TASK MATERIAL:
"""
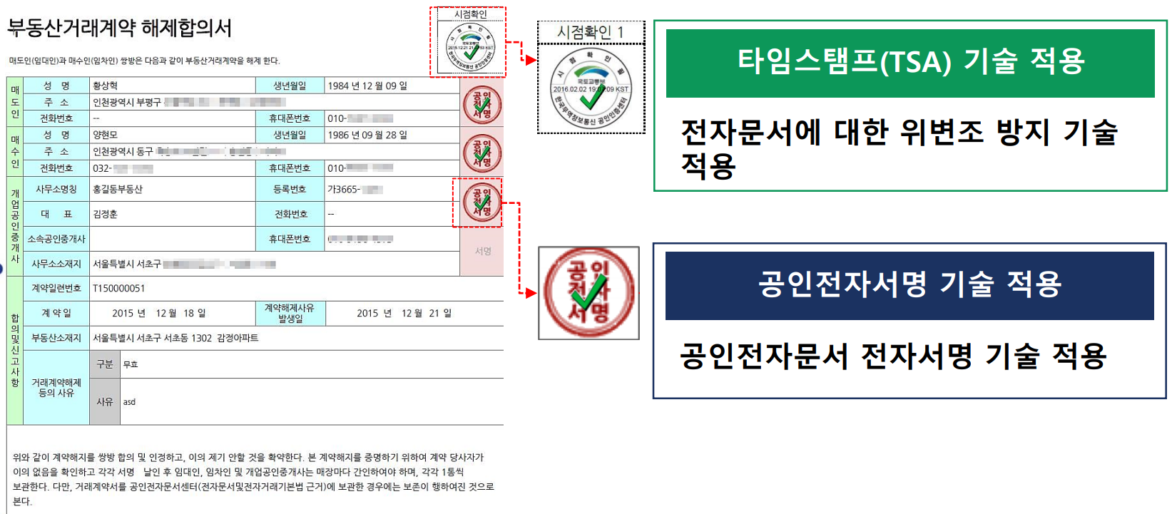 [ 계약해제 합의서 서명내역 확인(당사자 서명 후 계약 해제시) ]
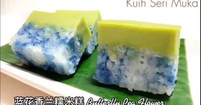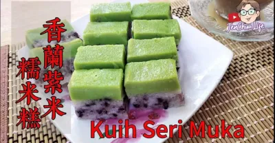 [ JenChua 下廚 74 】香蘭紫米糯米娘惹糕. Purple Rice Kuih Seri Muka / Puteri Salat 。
"""
"""
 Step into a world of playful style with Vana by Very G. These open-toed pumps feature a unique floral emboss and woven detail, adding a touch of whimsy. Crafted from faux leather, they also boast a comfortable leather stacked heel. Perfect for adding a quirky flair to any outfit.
"""
ACTION ITEM:
In the entries above, which lines run from the one with "[ 계약해제 합의서 서명내역 확인(당사자 서명 후 계약 해제시) ]" up to and including the one with "[ JenChua 下廚"? Write them out exactly, without the pictures.

SOLUTION TO THIS PROBLEM:
 [ 계약해제 합의서 서명내역 확인(당사자 서명 후 계약 해제시) ]
 [ JenChua 下廚 74 】香蘭紫米糯米娘惹糕. Purple Rice Kuih Seri Muka / Puteri Salat 。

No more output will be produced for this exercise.